═══ MATERIAL TO PROCESS

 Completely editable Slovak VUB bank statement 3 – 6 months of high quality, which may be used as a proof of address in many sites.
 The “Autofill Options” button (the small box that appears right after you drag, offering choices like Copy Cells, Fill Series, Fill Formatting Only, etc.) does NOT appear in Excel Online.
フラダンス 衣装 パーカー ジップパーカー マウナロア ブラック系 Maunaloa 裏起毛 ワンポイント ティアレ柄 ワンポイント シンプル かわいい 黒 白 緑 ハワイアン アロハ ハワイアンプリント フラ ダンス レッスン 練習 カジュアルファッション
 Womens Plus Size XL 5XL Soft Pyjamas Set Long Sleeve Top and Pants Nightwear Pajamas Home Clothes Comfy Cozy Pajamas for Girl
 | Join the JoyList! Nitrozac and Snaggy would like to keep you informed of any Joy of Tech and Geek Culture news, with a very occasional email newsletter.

══════
═══ MATERIAL TO PROCESS

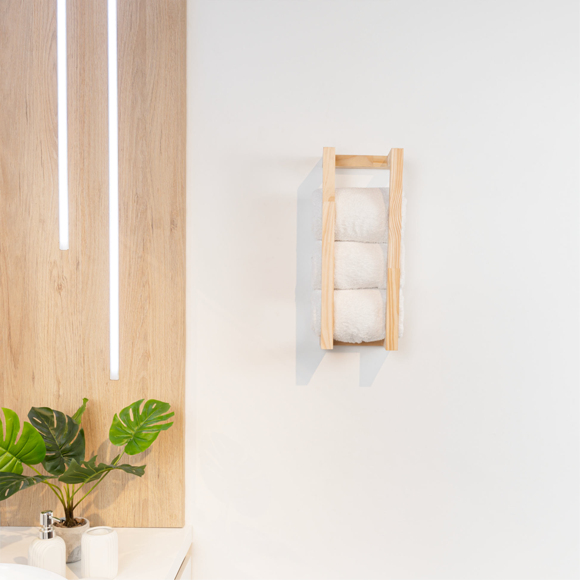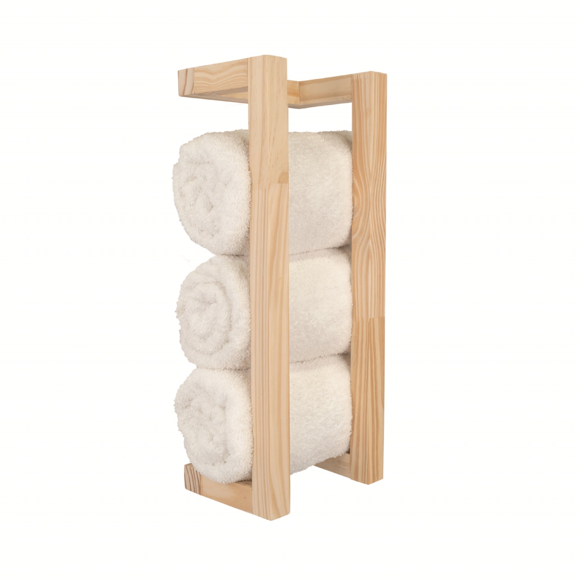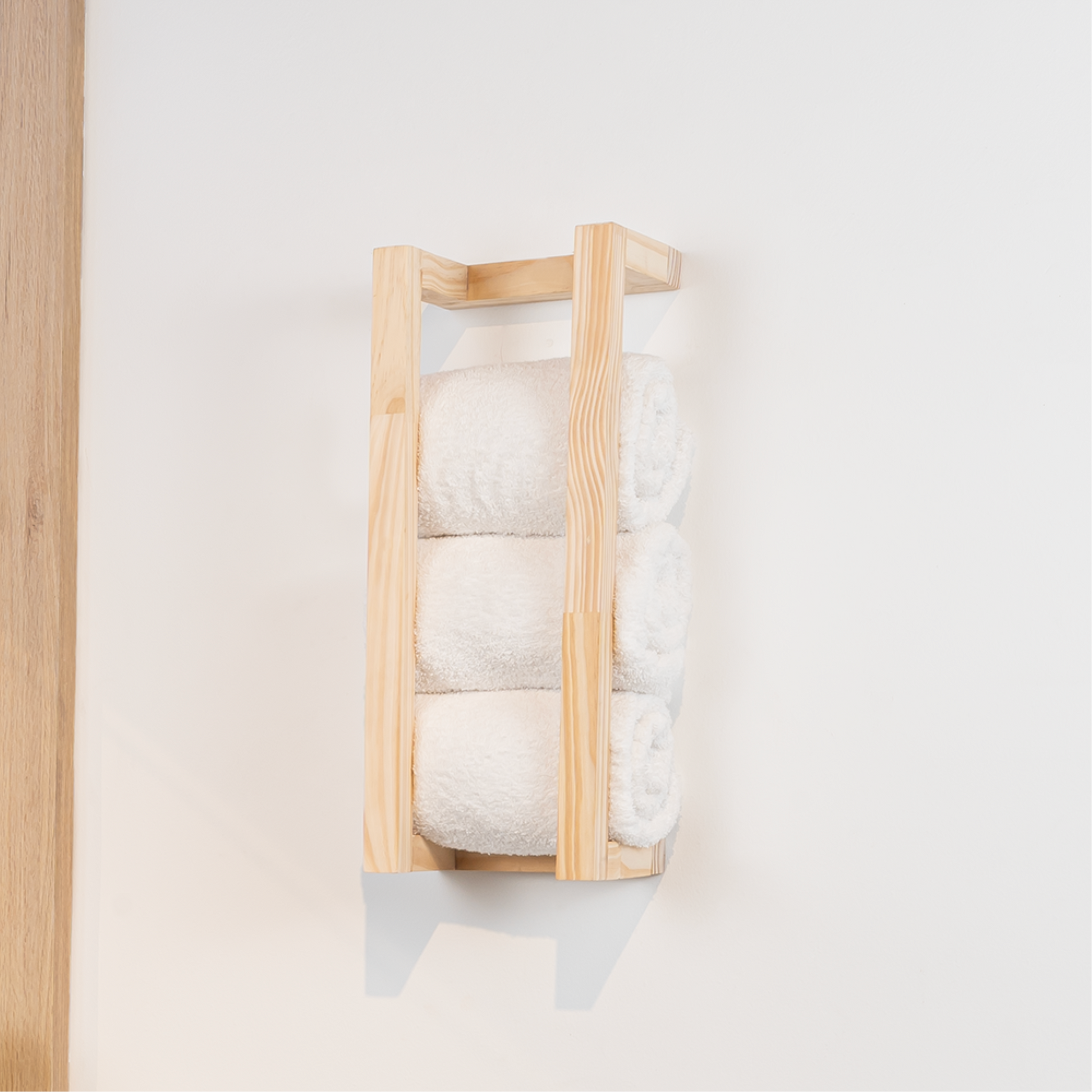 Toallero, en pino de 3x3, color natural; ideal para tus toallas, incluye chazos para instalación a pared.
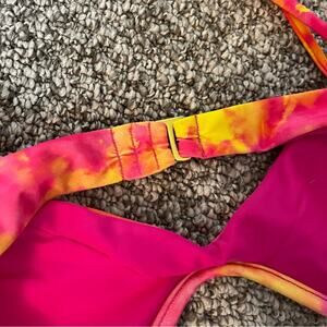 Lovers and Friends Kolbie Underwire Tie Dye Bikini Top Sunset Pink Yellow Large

══════

Out of the data above, set down the lines from the one with "Completely editable Slovak" to the one with "Womens Plus Size", both included, exactly as written and with no additions.

 Completely editable Slovak VUB bank statement 3 – 6 months of high quality, which may be used as a proof of address in many sites.
 The “Autofill Options” button (the small box that appears right after you drag, offering choices like Copy Cells, Fill Series, Fill Formatting Only, etc.) does NOT appear in Excel Online.
フラダンス 衣装 パーカー ジップパーカー マウナロア ブラック系 Maunaloa 裏起毛 ワンポイント ティアレ柄 ワンポイント シンプル かわいい 黒 白 緑 ハワイアン アロハ ハワイアンプリント フラ ダンス レッスン 練習 カジュアルファッション
 Womens Plus Size XL 5XL Soft Pyjamas Set Long Sleeve Top and Pants Nightwear Pajamas Home Clothes Comfy Cozy Pajamas for Girl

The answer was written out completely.